Portuguese politician

Teodoro Ferreira Pinto Basto (8 November 1839 – 14 March 1920) was a Portuguese businessman and politician who served as a mayor of Lisbon from 3 January to 8 June 1907.

==Early and personal life==
Teodoro Pinto Basto was born in London on 8 November 1839, as the son of Francisca Nicholson and a man of the same name, who was the representative in London of the Companhia das Vinhas do Alto Douro, one of the many flourishing businesses from which the family prospered. He had six brothers, Eduardo, Carlos, Enrique, Gustavo, Alberto, and Augusto José.

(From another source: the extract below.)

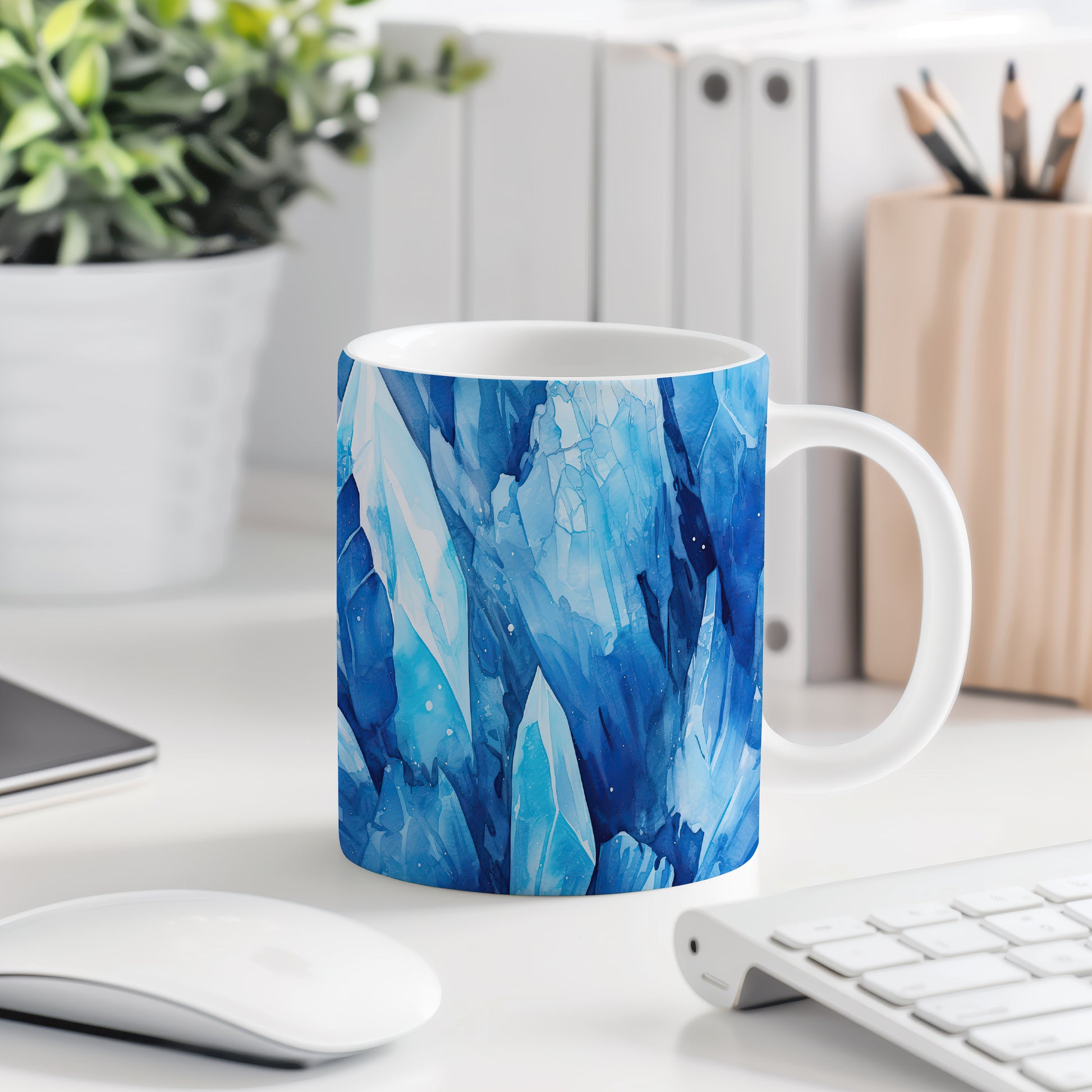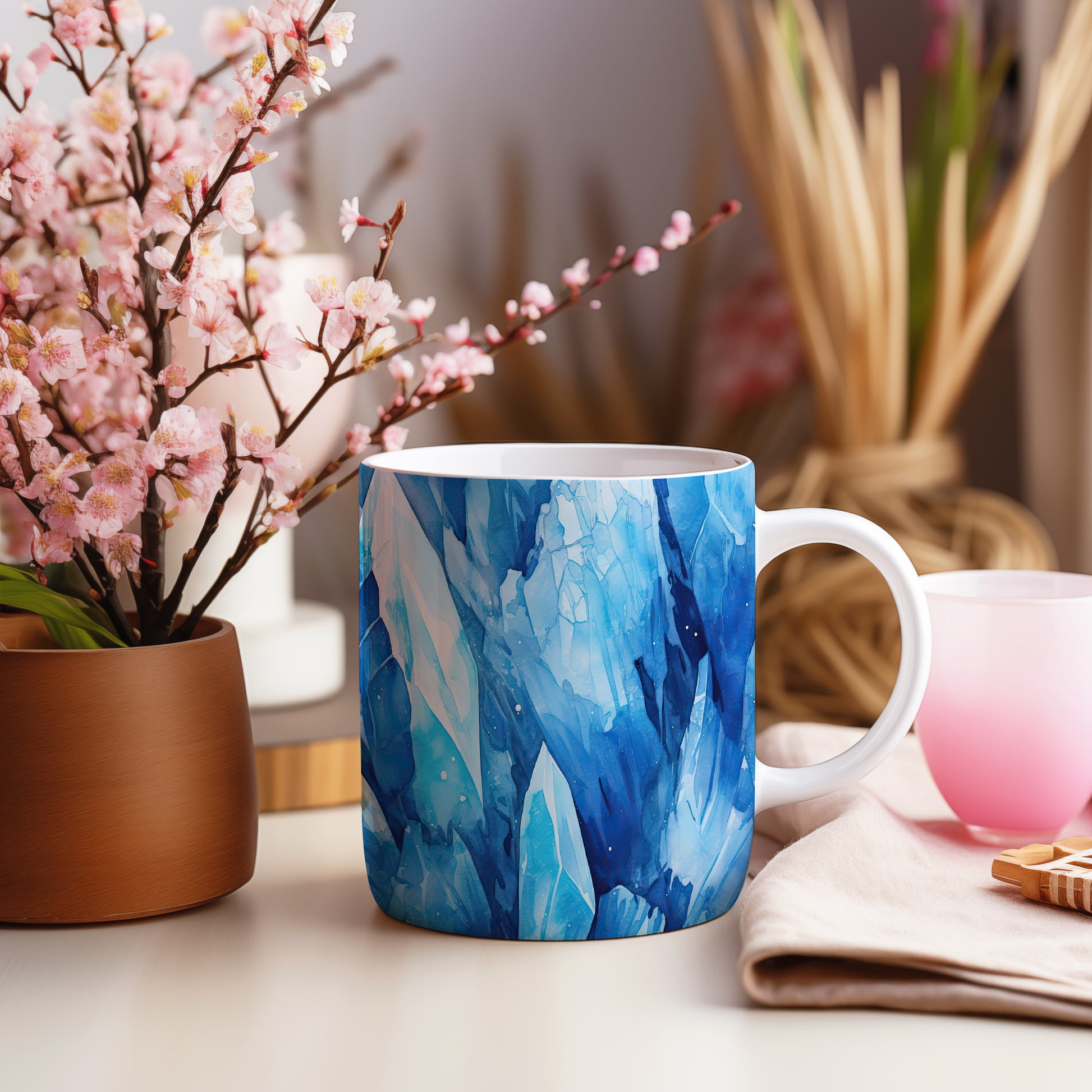 Tento hrnek s motivem krystalů v modrých a akvamarinových tónech přináší osvěžující a dynamický vzhled. Je ideální pro milovníky moderního designu a skvělým dárkem pro přátele či rodinu. Materiál: keramika. Objem: 330 ml. Vhodné do myčky i mikrovlnky. Používání tohoto hrnku dodá vašim nápojům styl a eleganci.

He married Beatriz Ferreira Pinto Allen in the early 1860s, and the couple had three children: João, Laura, and Sofia Ferreira Pinto Basto. In 1860, the 21-year-old Teodoro and his older brother Eduardo founded the E. Pinto Basto & Cª Lda., a society that went on to absorb the businesses of their ancestors, most notably the John Hall & Co., the União Mercantil, and the Pacific Steam Navigation Company. Through Eduardo, he was the uncle of Guilherme, Eduardo and Frederico, the three Pinto Basto brothers who introduced the sport of football to mainland Portugal and organized the first football match in Portugal in 1889. The eldest, Guilherme, also played tennis, an activity that he combined with his work at the E. Pinto Basto & Cª Lda., then owned by Guilherme's father and by his uncle Teodoro. However, football and tennis were not the only English habits "imported" by the Pinto Basto family, since they also promoted horse racing and even founded Clube Equestre, which was presided by his father at some point before he died in 1884.

==Politic career==
In 1878, Pinto Basto and two relatives were involved in an ordinary action at the Judicial Court of the District of Lisbon. In November 1895, the 56-year-old Pinto Basto narrowly won the Lisbon elections which elected fourteen deputies to the 1896–97 Legislature, doing so with 24,514 votes against the 24,482 of the runner-up Jacinto José Maria do Couto.

At some point in the late 19th century and early 20th century, Pinto Basto held the presidency of the Lisbon Commercial Association, and also became a member of the Administrative Committee of the Lisbon City Council. He thus eventually rose to mayor of Lisbon, a position that he held for only five months, from 3 January to 8 June 1907. In August 1908, Pinto Basto was the vice-president of the Lisbon City Council. His name was sometimes misspelled as Theodoro.

==Death==
Pinto Basto died in Lisbon on 14 March 1920, at the age of 80.